Saturday, March 6, 2010

On Camera Flash in class practice



I'm really unfamiliar with my on camera flash. I've almost never used it. I only got a couple of shots off that night as I was having some problems with my camera (which turned out to be operator error).

One of these shots actually turned out better than I thought possible with on camera flash, I think mainly because my two fellow students weren't standing directly in front of anything and they weren't looking directly at me so there weren't any harsh shadows behind them and no red eye. I think the main burst of the flash went between them and so they got exposed pretty nicely. I used a pretty wide aperture setting (f3.5) and 400 ISO to try to get more ambient light.
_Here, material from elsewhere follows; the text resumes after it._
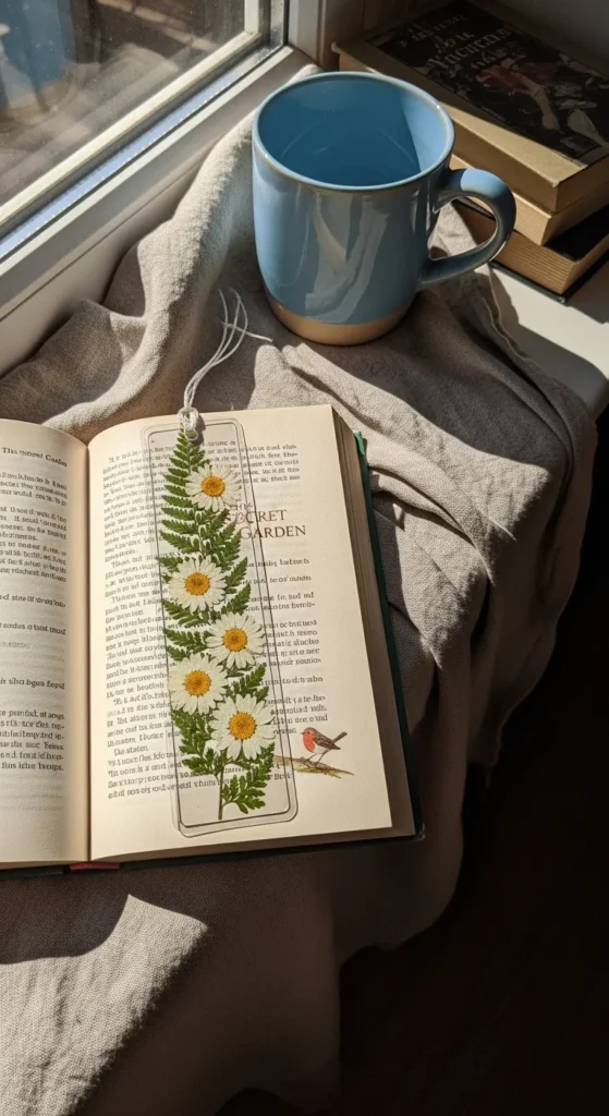 A dried herb bookmark has a natural, earthy beauty that feels warm and calm. Lavender, rosemary, thyme, and small fern pieces work well because they stay thin and flat. Press the herbs first, then seal them in clear adhesive sheets or laminate them between transparent layers. The result looks soft and organic, and it fits perfectly with a cozy reading corner. This idea is especially nice if you like cottage-style decor or natural textures in your room. It also smells faintly lovely at first, which adds something extra to the experience. Use herbs from your kitchen, garden, or a small grocery pack to keep costs low. Add a linen ribbon if you want a bit more detail. The finished bookmark feels handmade and peaceful. It is a small project, but it brings a gentle natural touch to your books and can make everyday reading feel a little more special.

That caused some white balance issues and they look a little bit pink to me.

The other shot (taken just before our instructor let something fly in my direction) is a perfect example of everything I think is wrong with on camera flash - harsh shadows, a weird isolated look from the surroundings... at least no red eye!

1 comment:

  1. If the person is not looking directly at the built-in OR external camera flash, red eye is not an issue.

    The challenge to using ANY flash, is to balance the emitted light with the ambient light so it looks natural.

    What could you have done to prevent the harsh shadow behind me?

    BUT thinking outside the box - How CAN you use a hard edged shadow like this to ENHANCE an image?